La plupart des victimes sont des mineurs, les prédateurs sont presque toujours des hommes poursuivant plusieurs cibles simultanément, et quasiment toutes les victimes adultes sont des femmes, selon les conclusions de l'étude publiée mercredi, qui précise que la majorité des victimes a choisi de conserver l'anonymat, par honte.

Cette étude de la Brookings Institution est présentée comme la première à se pencher avec autant d'attention sur cette menace qui rode dans le cyberespace.

Bien que des responsables des forces de l'ordre américaines reconnaissent l'existence du problème, aucune agence officielle ou organisation de protection ne recueille de données statistiques sur le problème, a déploré le groupe de réflexion.

Le terme même de «sextortion» n'existe pas vraiment, c'est un mot d'argot utilisé par les procureurs pour faire référence à un comportement qui ne s'inscrit dans aucune catégorie d'agression.

En fonction de l'endroit où l'on se trouve aux États-Unis, cela peut être jugé comme de la pornographie infantile, du harcèlement, de l'extorsion ou du piratage. Mais la «sextortion» est un crime qui n'existe pas «légalement parlant» à l'heure actuelle, a relevé le groupe de réflexion.

Concrètement, cela peut consister à pirater l'ordinateur de quelqu'un pour y dérober une photo ou une vidéo sexy ou à en subtiliser via une webcam. Ces images sont ensuite utilisées pour en extirper davantage des victimes, ou autre chose.

Les esprits malveillants se servent également des réseaux sociaux pour obtenir des images compromettantes auprès des victimes elles-mêmes, puis les font chanter pour en recevoir d'autres.

La Brookings a étudié 78 cas ces dernières années répondant à sa définition de «sextortion» et de nombreux autres qui en comportaient certains critères.

Une triste première

Ces 78 affaires ont été jugées dans 29 États et territoires américains ainsi que dans trois juridictions étrangères.

«Pour la première fois dans l'histoire de la planète, la connectivité mondiale grâce à internet signifie que l'on n'a pas besoin d'être dans le même pays qu'une personne pour la menacer sexuellement», a noté l'étude.

Ces cas ont impliqué au moins 1379 victimes.

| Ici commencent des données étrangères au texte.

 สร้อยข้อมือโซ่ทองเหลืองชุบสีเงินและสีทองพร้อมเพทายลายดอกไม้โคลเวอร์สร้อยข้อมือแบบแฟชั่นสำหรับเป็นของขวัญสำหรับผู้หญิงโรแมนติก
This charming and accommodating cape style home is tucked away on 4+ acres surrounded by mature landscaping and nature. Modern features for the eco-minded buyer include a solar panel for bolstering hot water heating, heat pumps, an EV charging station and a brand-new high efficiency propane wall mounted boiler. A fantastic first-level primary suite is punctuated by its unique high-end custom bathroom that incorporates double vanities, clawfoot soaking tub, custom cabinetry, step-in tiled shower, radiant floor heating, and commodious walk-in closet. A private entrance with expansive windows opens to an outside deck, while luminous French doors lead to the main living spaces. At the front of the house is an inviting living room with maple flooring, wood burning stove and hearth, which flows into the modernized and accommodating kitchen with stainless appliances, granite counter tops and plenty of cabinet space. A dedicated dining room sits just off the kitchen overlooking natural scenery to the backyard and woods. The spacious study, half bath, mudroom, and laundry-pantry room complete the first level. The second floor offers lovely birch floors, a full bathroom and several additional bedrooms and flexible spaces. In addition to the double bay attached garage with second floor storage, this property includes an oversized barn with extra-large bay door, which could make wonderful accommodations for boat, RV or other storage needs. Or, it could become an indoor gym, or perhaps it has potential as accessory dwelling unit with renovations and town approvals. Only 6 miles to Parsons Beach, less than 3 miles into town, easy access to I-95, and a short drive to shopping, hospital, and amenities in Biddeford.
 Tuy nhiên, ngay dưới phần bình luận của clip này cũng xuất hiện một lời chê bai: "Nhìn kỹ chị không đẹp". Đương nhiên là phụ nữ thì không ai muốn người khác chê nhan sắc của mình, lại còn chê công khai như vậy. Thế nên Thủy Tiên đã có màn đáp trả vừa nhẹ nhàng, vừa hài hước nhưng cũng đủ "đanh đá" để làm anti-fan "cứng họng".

Mais, pour différentes raisons --la justice n'a pas cherché à retrouver toutes les victimes d'un prédateur, par exemple--, ces 78 affaires pourraient concerner entre 3000 et 6500 personnes, voire même plus, a-t-elle fait valoir.

Dans un rapport distinct, la Brookings a détaillé la façon dont les peines prononcées à l'encontre des auteurs de ces chantages variaient grandement parce que certaines ont été jugées au niveau des États fédérés américains tandis que d'autres l'ont été au niveau fédéral.

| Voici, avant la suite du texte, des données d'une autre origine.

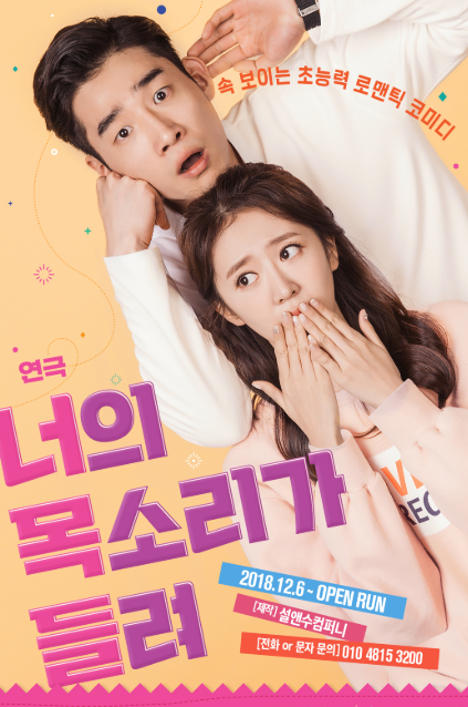 비슷한 연애 이야기 말고 색다른 로맨틱 코미디를 원하는 직장인 소개팅 커플에게 추천하는 대학로 연극은 '너의 목소리가 들려'라는 편의점의 새로 온 아르바이트 생인 얌전한 듯하지만 할 말은 다 하는 특이한 강박증을 갖고 있는 수지와 좋은 대학을 나왔지만 몇 년째 취직을 하지 못하고 있는 아르바이트 4개월 차 민준의 설레는 썸 타는 이야기입니다. 민준은 운영한 사고로 다른 사람의 생각을 들을 수 있게 되었고 그 능력을 이용해 수지와 창업을 하게 됩니다. 그렇게 수지와 민준은 점점 가까워지게 되는데 갑작스럽게 나타난 민준의 옛 애인에 의해 수지의 과거가 밝혀지면서 둘의 사랑 이야기에 장애물이 발생하게 됩니다. 과연 둘의 사랑은 이루어질 수 있을까요? 설레는 두 번째 만남의 기회를 연극 '너의 목소리가 들려'와 성공적인 두 번째 만남 되시길 바랍니다.
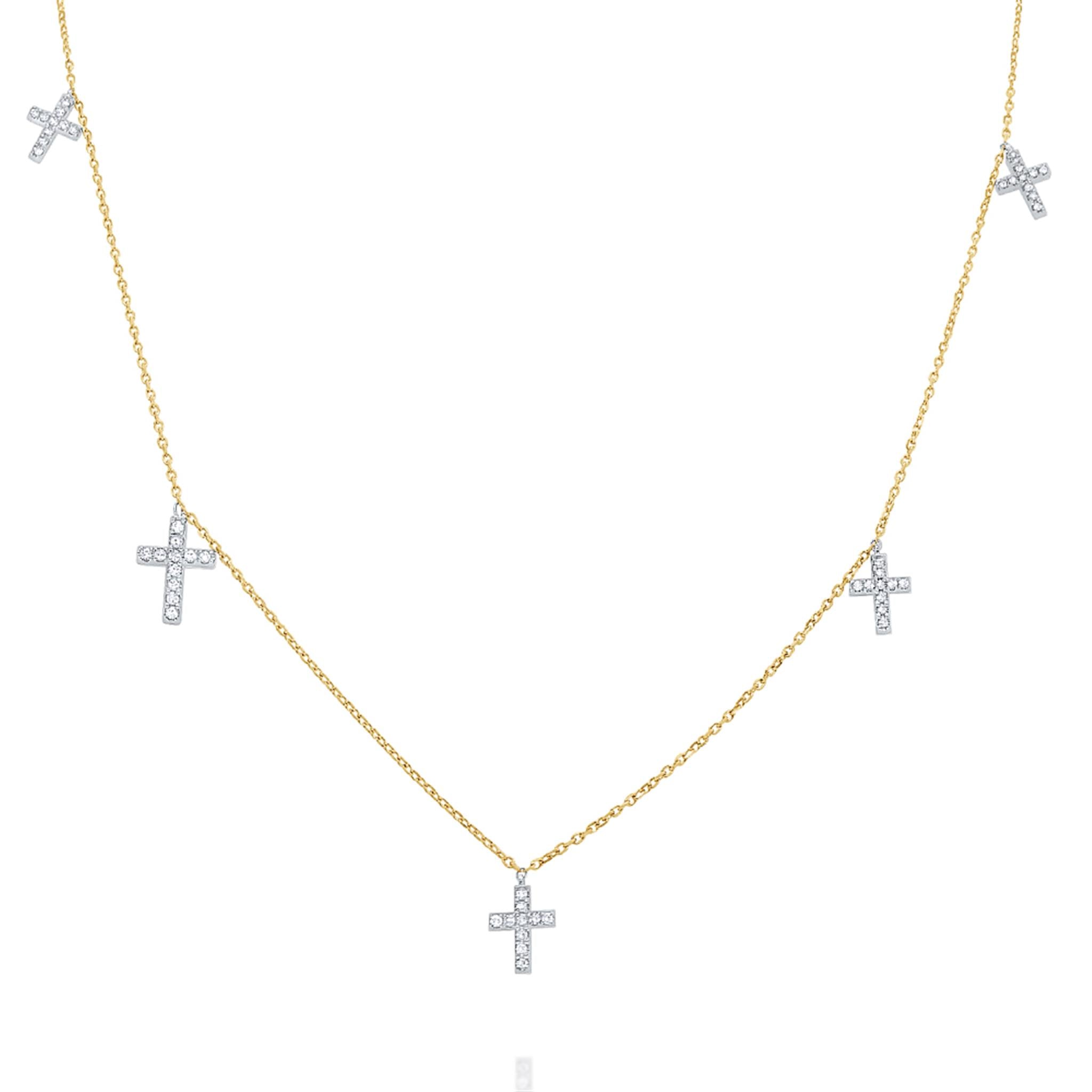 14K Yellow Gold Multi Cross Diamond Drop Necklace
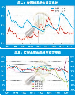 除了經濟增長外,還有其他數據可看到背馳情况嗎?筆者拿了耶倫用來衡量應否加息的其中一個主要因素之失業率來對比一下。圖二見到,在圖一顯示的1994年至1998年間,當香港經濟增長下滑之際,失業率亦同時在低位持續抽升,1997年金融風暴后的升速更為急遽,與美國的失業率逐步下跌完全是兩碼子事。另外,雖然近年香港失業率未如1990年代般由低位反彈,但起碼與美國失業率持續下滑有別,而且近年香港失業率亦似在低位造底。結合圖一分析,現時港、美經濟確實見到歷史少見的背馳情况。
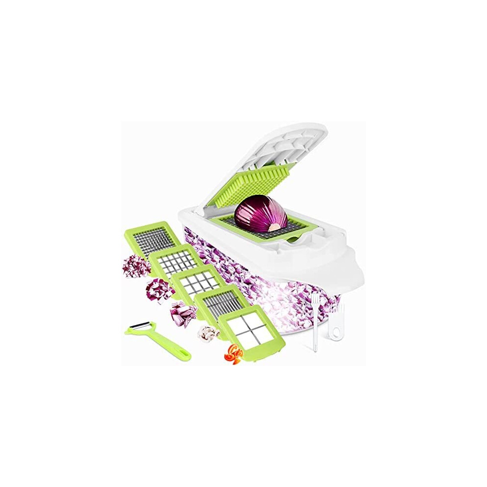 Vegetable Cutter 12 Pieces Fruit Cutter Vegetable Chopper Onion Dicer Food Chopper Dicer with Container, Peeler, Cleaning Brush
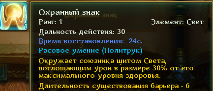 3) В целом, что это вообще за расовая абилка с кд 24 секунды? Кроме того, она, как расовая, идет вне гкд, и это то, что можно было бы поднерфить у жреца в обмен на ап в чем-то другом. То что путеводка идет вне гкд - это интересно, да. То, что огражд. слово идет вне гкд - это логично, ведь это аналог щитов других классов (типа астрального тела), такие абилки обычно идут вне гкд. Почему охранный знак идет вне гкд - я не вижу никаких причин. С таким же успехом какой-то ореол мог бы быть вне гкд.

Un homme accusé de s'en être pris à au moins 22 jeunes garçons a été jugé dans un tribunal d'État et a reçu une peine d'un an de prison. Un autre, accusé de s'en être pris à une seule personne et traduit devant une cour fédérale, a écopé de douze ans.

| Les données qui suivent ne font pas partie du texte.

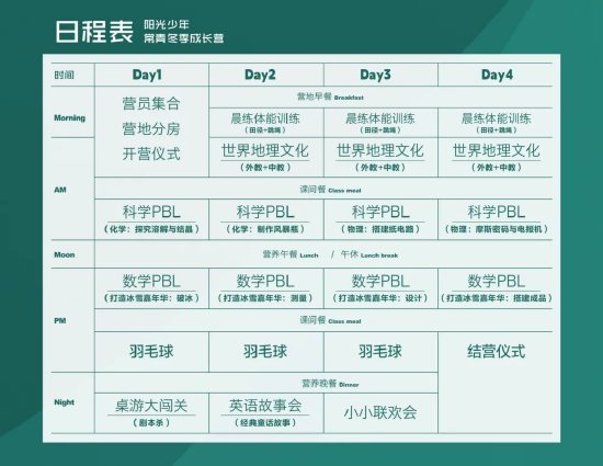 冬令营日程表
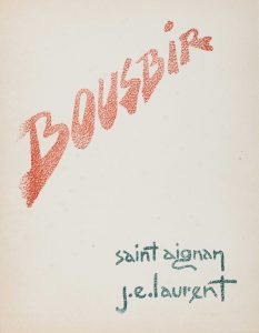 BOUSBIR SAINT-AIGNAN & J.-E. LAURENT. Bousbir. Rabat, Edition d'art J. E. Laurent 1950; in-4 en feuilles sous double couverture et chemise en liège à rabats de jute. Tiré à 257 exemplaires, celui-ci 1 des 250 portant le n°7, ornée de 40...
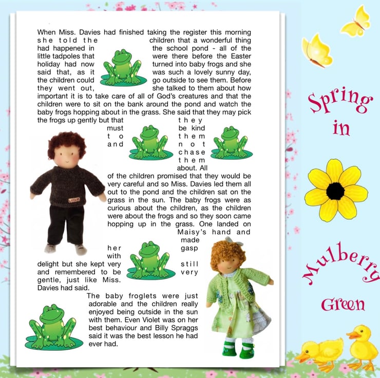 There are other children in Maisy’s class at school - Violet, Billy with his pet rabbit, Amber, Tilly, Rosie and her kittens, Amelia, Ruby, Marigold, Bobby with Max the dog, and the twins Oliver and Olivia, who have a puppy called Oscar. The dolls are all 26cm tall and baby Daisy is 16cm. Maisy and Mo love nothing more than having adventures with their friends. You can read about their adventures on my Facebook and Instagram pages - Maisy Muffin Rag Dolls and on my Mulberry Green Pinterest boards.
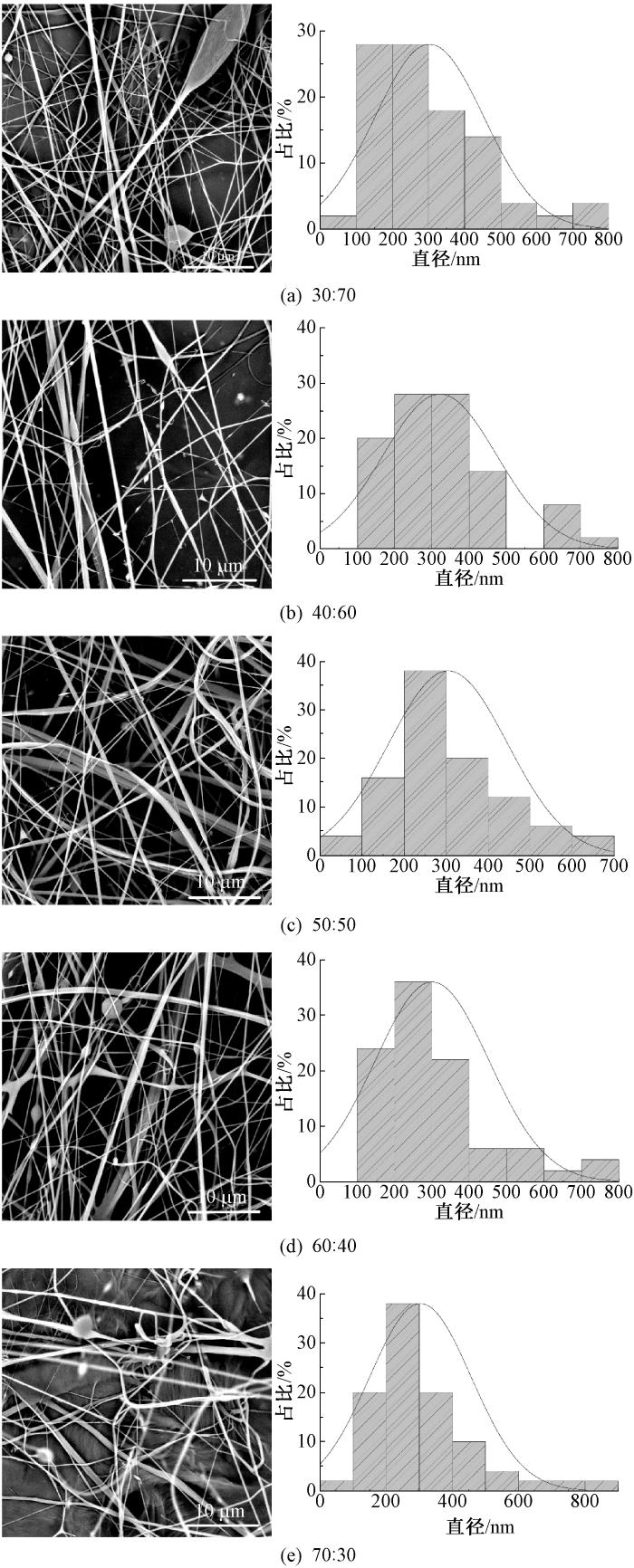按照体积比为30∶70、40∶60、50∶50、60∶40、70∶30的SA溶液(质量分数为2.0%)和PEO溶液(质量分数为8.0%)配制成纺丝液,在纺丝电压为25 kV、纺丝距离为15 cm的条件下进行纺丝。观察不同比例的SA/PEO纳米纤维的表观形貌和纤维直径分布,结果如图2所示。可以看出:当SA与PEO体积比为30∶70时,纺丝过程相对不稳定,纤维出现了明显的珠串现象,且纤维直径分布不均;随着PEO比例逐渐降低,纤维中的珠串现象得到改善,当体积为50∶50时,纤维表面变得更加光滑,且纤维直径的均匀性明显提高,直方图中纤维直径的分布更为集中,表明此时的溶液配比更有利于形成质量更高的纳米纤维;当SA的比例超过50%,PEO含量降低时,纤维的产出量有所下降,纤维开始出现相互粘连的现象,直径分布也变得更加不均匀。这可能是由于SA含量的增加导致溶液的黏性增大,使得纤维较难被拉伸成细丝,从而影响了纤维的形成和质量。

Pour le groupe de réflexion, le Congrès des États-Unis doit adopter une législation ad hoc incorporant notamment les crimes fédéraux de maltraitance sexuelle, de pornographie infantile et d'extorsion.

Le rapport sur l'évolution de cette pratique a également révélé des détails sur quelques cas.

L'un impliquait une femme qui avait ouvert un courriel envoyé par un expéditeur inconnu et dans lequel se trouvaient des photos d'elle-même sexuellement explicites, ainsi que des détails sur son emploi, son mari et ses trois enfants. L'expéditeur réclamait qu'elle réalise une vidéo porno.

«Et si elle ne l'envoyait pas dans les 24 heures, il la menaçait de publier les images déjà en sa possession, et «d'informer (sa) famille de son côté obscur»», a raconté l'étude.

En 2013, la police française et des associations avaient mis en garde contre l'explosion de ces cyberescroqueries. Après 600 signalements en 2011, il y en avait eu 2000 en 2012 et deux lycéens s'étaient suicidés cette année-là.

Ces menaces émanaient pour la plupart, selon ces sources, de cybercafés d'Afrique de l'Ouest. Les victimes devaient verser de l'argent --parfois seulement 25 euros-- pour éviter la révélation d'images compromettantes à leurs proches ou sur internet.